▸ **Exercise brief**
Reproduce nothing but the lines from the start of the material through the line that includes "Согласно информации, экологическая", both ends included, and omit every picture.

--

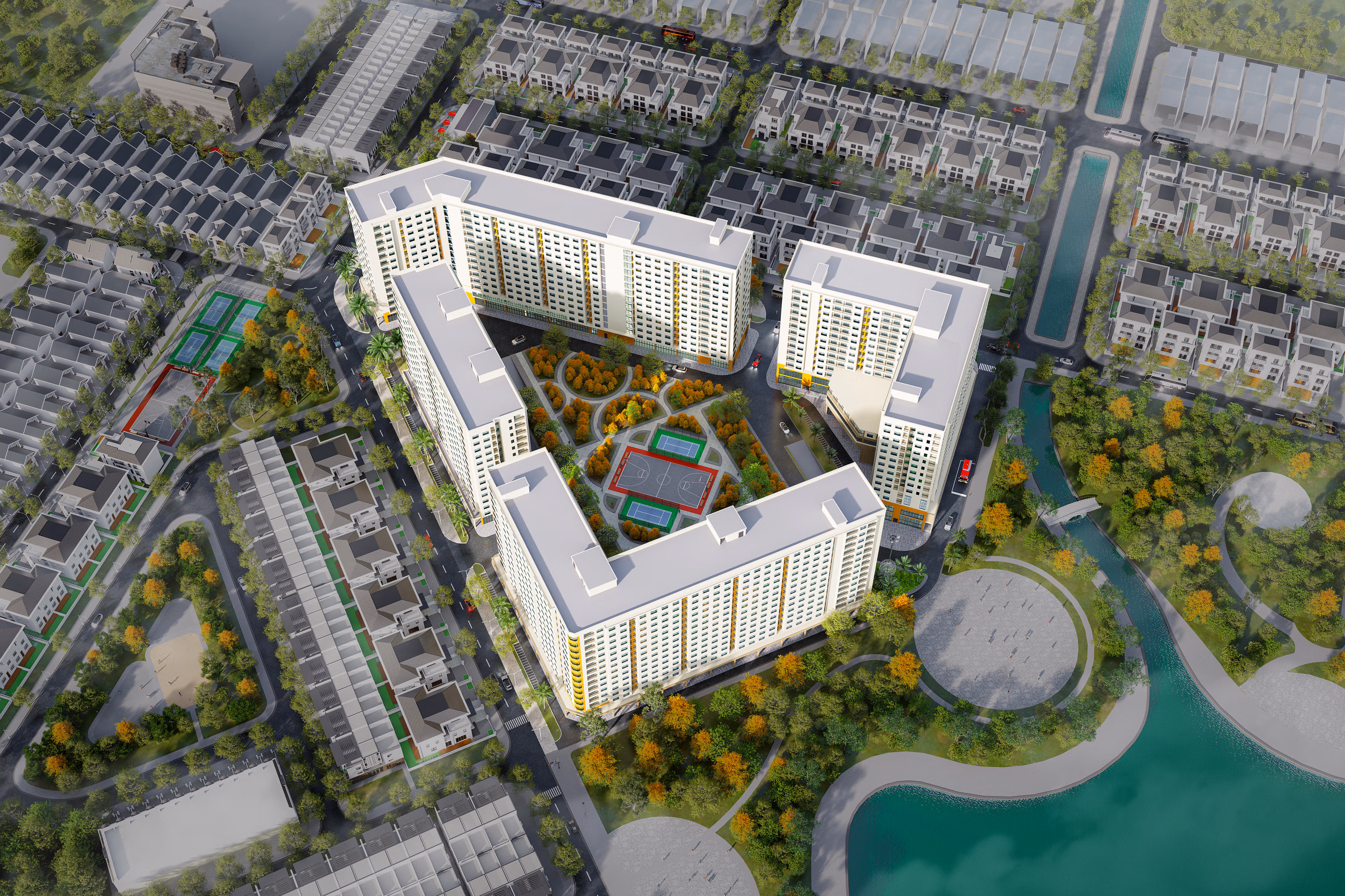 Tại khu đất chung cư số 5, dự án Nhà ở xã hội do Công ty CP Đầu tư phát triển nhà ở Toàn Cầu làm nhà đầu tư, quy mô hơn 2,8 ha, tổng diện tích sàn khoảng 146.000 m2, với 1.306 căn hộ, tổng vốn đầu tư gần 1.740 tỷ đồng, dự kiến hoàn thành năm 2027. Dự án gồm 3 tòa chung cư nhà ở xã hội (1.040 căn hộ), 1 tòa chung cư nhà ở thương mại, cao 14 tầng, mật độ xây dựng 36%.
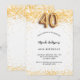 Pour une soirée élégante de 40ème anniversaire. Un arrière - plan blanc chic. Décoré de confettis dorés. Personnalisez et ajoutez un nom et des détails du parti. Le nom est écrit avec un script de style écrit à la main. Numéro 40 avec police de style ballon.
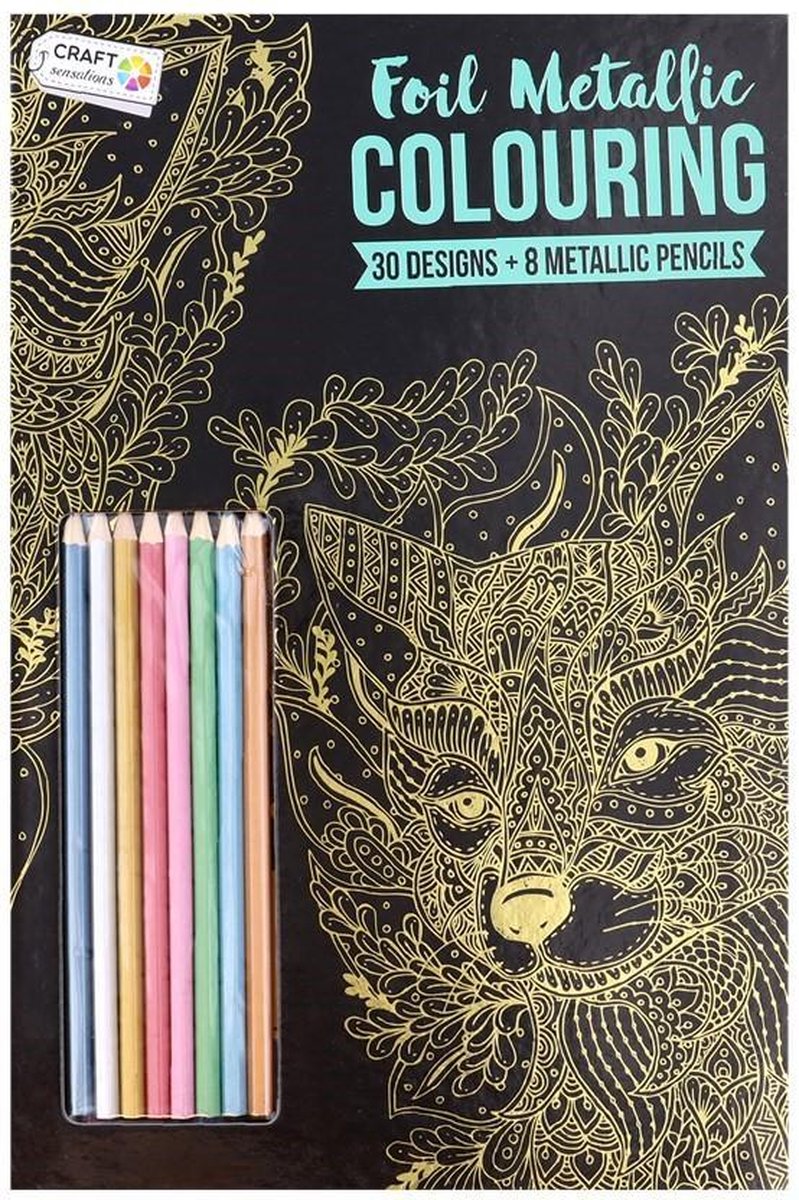 Kleurboek met 8 kleurpotloden voor Kinderen & Volwassenen. 30 nieuwe designs Metallic stijl inclusief 8 metallic kleurige potloden "Even onthaasten en nieuwe energie opdoen". De 30 tekeningen in het boek hebben een formaat van 30cm x 21cm. (A4 Formaat) Maak betoverend mooie creaties in dit bijzondere kleurboek met metallic figuren.
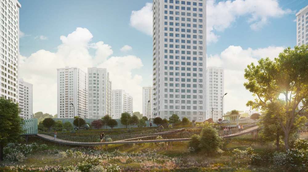 Согласно информации, экологическая тропа будет расположена вдоль границы ЖК у лесопарка "Щелоковский хутор". Здесь появится деревянный настил, приподнятый над землей, который ведет к беседкам с видами на зеленый массив.
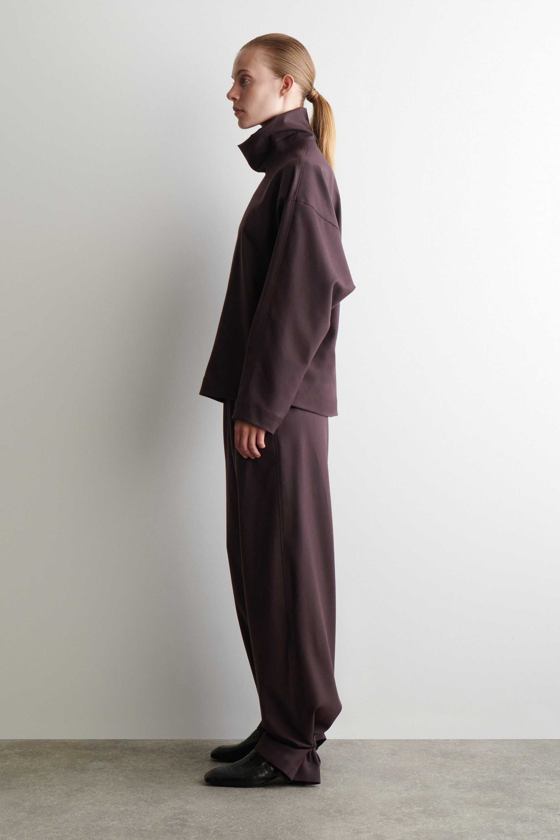 Autumn Winter 2025 takes the modern wardrobe to new heights: the epitome of quiet confidence. Proposing a distilled take on shirting, this refined piece is crafted from premium wool-flannel sourced from the esteemed Marzotto mill. It's cut in a softly cocooning silhouette and features a draped funnel neckline that creates an asymmetric shape when unbuttoned. Style it with the matching trousers for a tonal look.
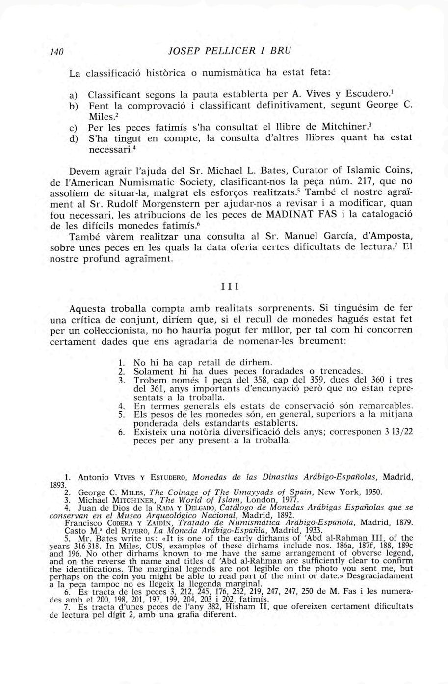 PELLICER, J. Un tresor de dirhems arabs a S. C. - I. 139
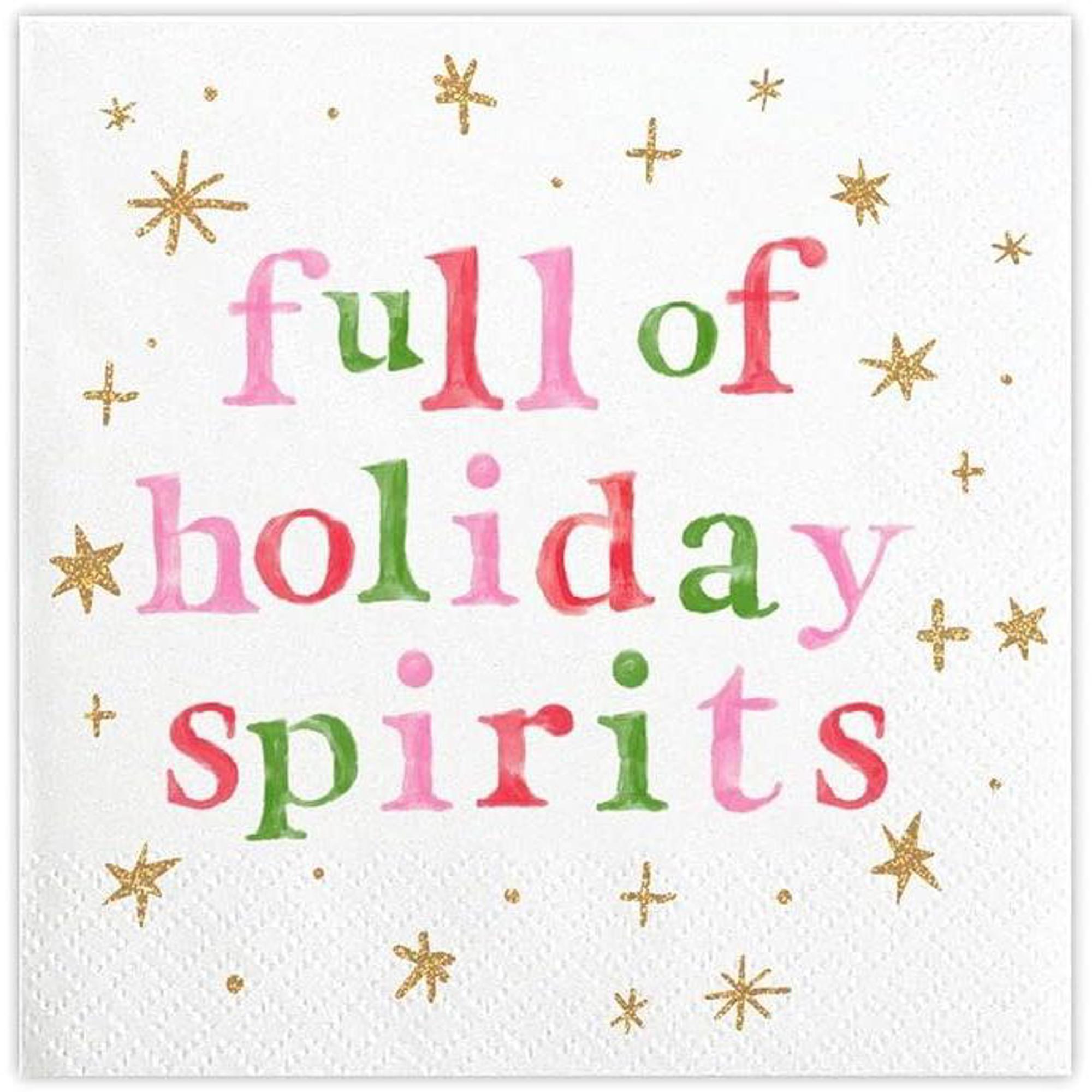 Reads: "Full Of Holiday Spirits " in multicolored lettering on white; accented with gold foil stars
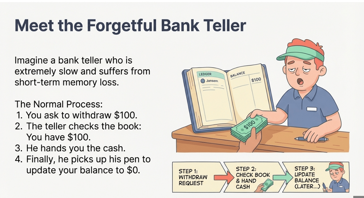 Cara, imagine que você vai a um banco onde o caixa é extremamente lento e tem perda de memória de curto prazo.
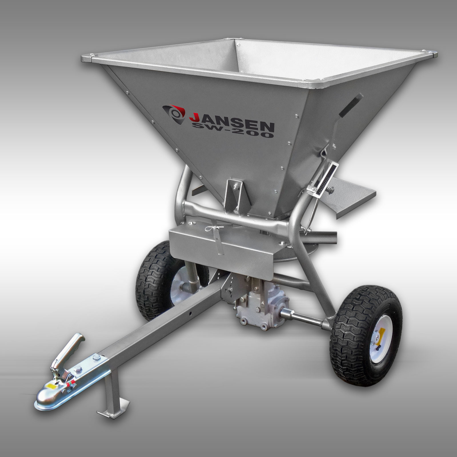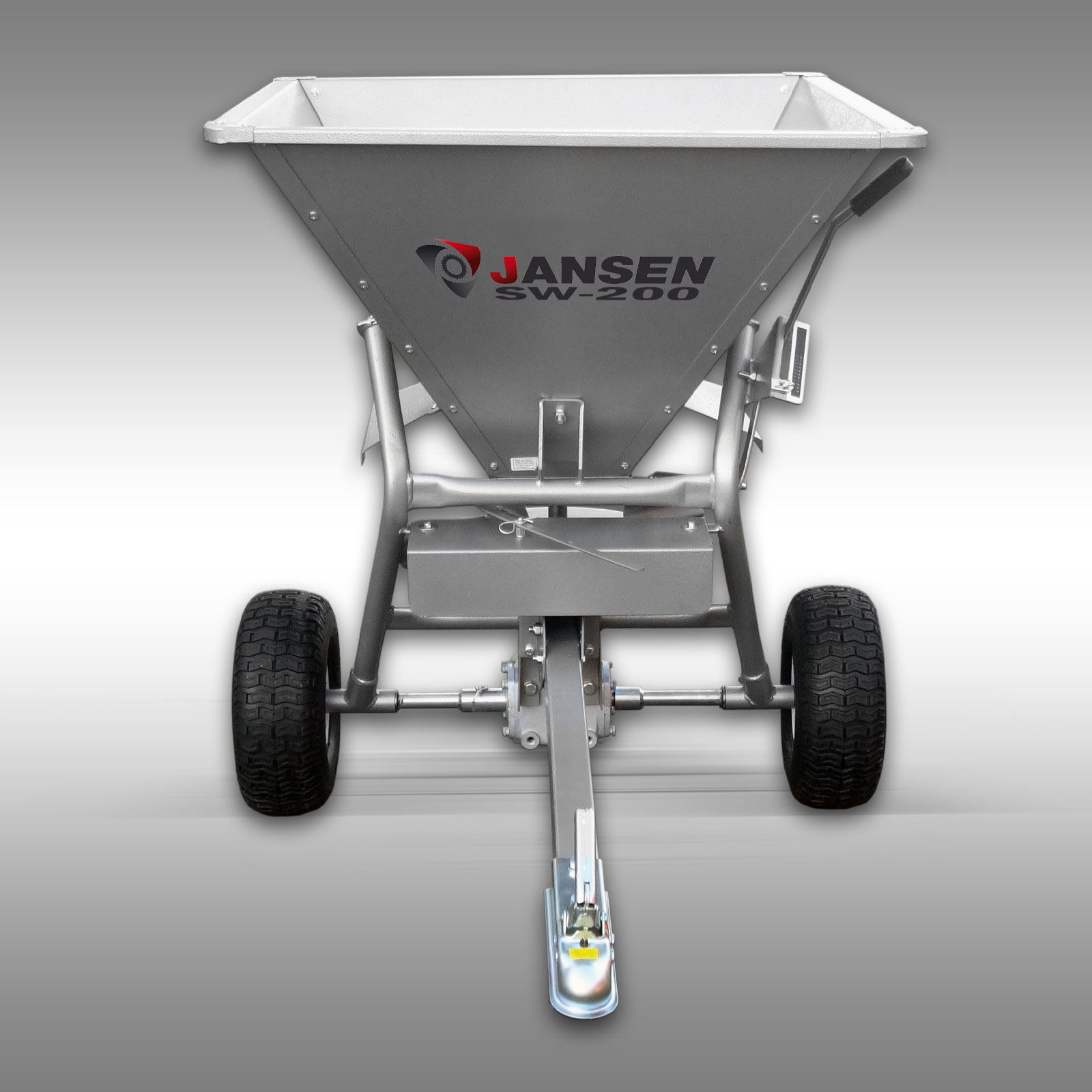 Tažený rozmetadlo Jansen SW-200 (nebo sypač, sypač písku, rozmetadlo hnojiv) má záchytný objem 200 litrů a lze jej pomocí sestavy tažného zařízení táhnout za čtyřkolkou, osobním automobilem, traktorem a dokonce i zahradním traktorem.
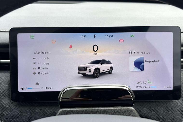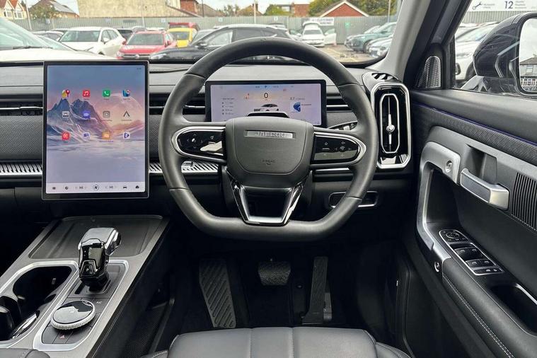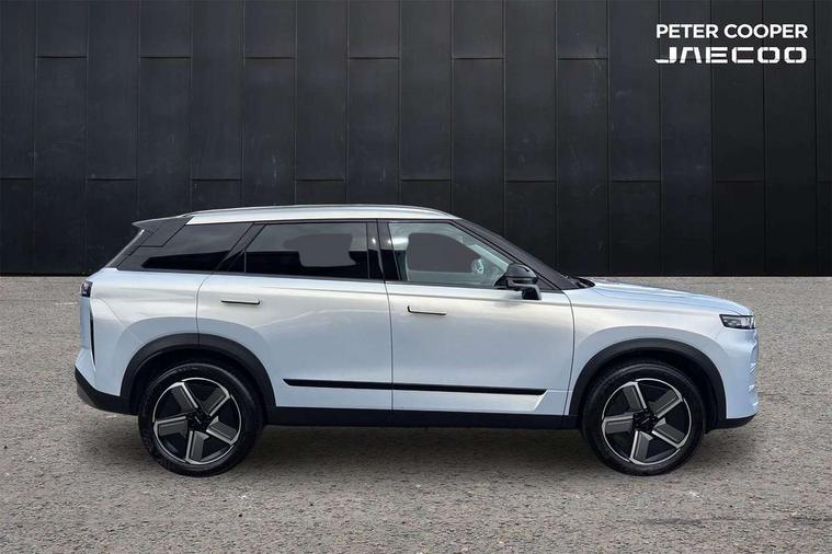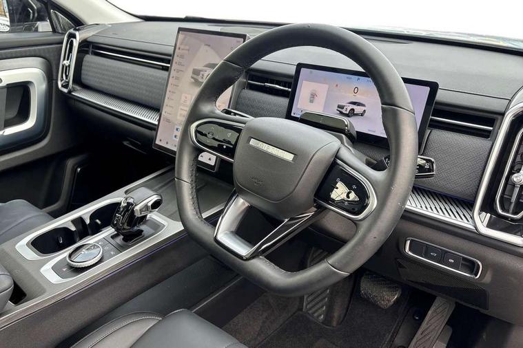 10.25" LCD instrument cluster, 13.2" portrait central LCD display, 3 driving modes Normal, Eco, Sport, 540 degree panoramic camera with transparent chassis view, Adaptive cruise control, Blind spot detection, Bluetooth handsfree system, Corner speed control assist, DAI Forward Departure System, Driver monitoring system, E-call safety system, Electric power steering, Emergency lane keep assist, Front and rear parking sensors, Front collision warning, ICA - integrated cruise assist, Integrated satellite navigation - Live traffic data with wifi hotspot, Intelligent active speed limit, Intelligent elude system, Intelligent speed assist, Lane control assist, Lane departure prevention, Lane departure warning, Multiple collision defence system, Power tailgate, Rear crossing traffic braking, Rear crossing traffic warning, Remote engine start, Remote HVAC start, Speed limiter, Traffic jam avoidance assistant, Traffic sign recognition, Wireless Apple CarPlay/Android Auto, Wireless mobile phone charging - 50w capacity, cooled, Independent rear suspension, 2 x Front USB, 1 x Type A, 1 x Type C (fast charging), 2 x Rear USB, 1 x Type A, 1 x Type C (fast charging), 6 speaker audio system, DAB Digital radio, Auto dimming rear view mirror, Auto full beam LED headlights, Auto wipers, Automatic headlights, Body colour door handles, Electrically adjustable, heated and folding door mirrors, Follow me home headlight function, Front fog lights, Full length panoramic sunroof with opening front section, Heated rear window, High level LED brake light, Integrated antenna, LED daytime running lights, LED rear lights, One touch window function for all doors, Privacy glass, Rear side wing doors, Roof rails, Silent glass - windscreen and front side windows, Single layer roof spoiler, Tinted rear windows, Windows opening via remote, 12V power outlet - Boot, 12v power outlet - front, 12V socket in luggage compartment, 3 seat bench in 2nd row, 4 way adjustable steering column, 4 way electric adjustable passenger seat, 6 way power adjustable driver seat, 60/40 split folding rear seat backrest, Driver and passenger sun visors with vanity mirror, Dual zone air conditioning with second row outlet, Front armrest with interal storage and upper storage tray, Front deluxe seats, Front headrests, Front reading light, Heated front seats, Luggage compartment light, Multi function steering wheel, Rear bench armrest with integrated cupholder, Rear headrests, Selectable multi colour ambient lighting, Single front passenger seat, Synthetic leather steering wheel, Synthetic leather upholstery, 2 x isofix, 3 point seatbelts on all seats, ABS/EBD, Autonomous emergency braking, BAS (Brake Assist System), Child locks, Door opening warning, Downhill assist, Dual front airbags, Electronic brake force distribution, Electronic parking brake with auto hold, Electronic Stability Programme, Front and rear side airbags, Front centre airbag, Knee airbags, Passenger airbag manual switch off, Power limited seatbelts with pre-tensioners, height adjustable with CLT, Tyre pressure monitoring system, Uphill assist, Anti theft alarm, Automatic door locking, Engine immobiliser, Keyless start button, PEPS (passive entry and passive start) with walkaway locking, Dark colour interior, 19" Alloy wheels, Tyre repair foam,
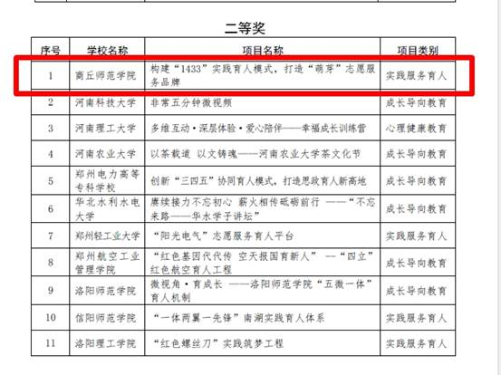 近日,河南省教育厅下发《关于公布2022年普通高等学校学生工作优秀成果项目获奖名单的通知》(教学〔2023〕86号),经各高校推荐,省教育厅组织专家评审,通过网络评审、专家评议、现场展示、专家终审和网上公示等环节,天天精品视频免费观看《构建“1433”实践育人模式,打造“萌芽”志愿服务品牌》项目在全省110项学生工作优秀成果中脱颖而出,荣获二等奖。
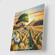 Entra no mundo idílico do Whispering Wheat, onde a paisagem beijada pelo sol te chama para abraçar os sussurros da natureza. Essa obra retrata uma cena pitoresca de um campo de trigo balançando na brisa, enquanto uma majestosa árvore fornece sombra e consolo, harmoniosamente complementada pela presença de três margaridas, uma ode ao delicado equilíbrio de vida e crescimento.

--

▸ **Solution for this problem**
 Tại khu đất chung cư số 5, dự án Nhà ở xã hội do Công ty CP Đầu tư phát triển nhà ở Toàn Cầu làm nhà đầu tư, quy mô hơn 2,8 ha, tổng diện tích sàn khoảng 146.000 m2, với 1.306 căn hộ, tổng vốn đầu tư gần 1.740 tỷ đồng, dự kiến hoàn thành năm 2027. Dự án gồm 3 tòa chung cư nhà ở xã hội (1.040 căn hộ), 1 tòa chung cư nhà ở thương mại, cao 14 tầng, mật độ xây dựng 36%.
 Pour une soirée élégante de 40ème anniversaire. Un arrière - plan blanc chic. Décoré de confettis dorés. Personnalisez et ajoutez un nom et des détails du parti. Le nom est écrit avec un script de style écrit à la main. Numéro 40 avec police de style ballon.
 Kleurboek met 8 kleurpotloden voor Kinderen & Volwassenen. 30 nieuwe designs Metallic stijl inclusief 8 metallic kleurige potloden "Even onthaasten en nieuwe energie opdoen". De 30 tekeningen in het boek hebben een formaat van 30cm x 21cm. (A4 Formaat) Maak betoverend mooie creaties in dit bijzondere kleurboek met metallic figuren.
 Согласно информации, экологическая тропа будет расположена вдоль границы ЖК у лесопарка "Щелоковский хутор". Здесь появится деревянный настил, приподнятый над землей, который ведет к беседкам с видами на зеленый массив.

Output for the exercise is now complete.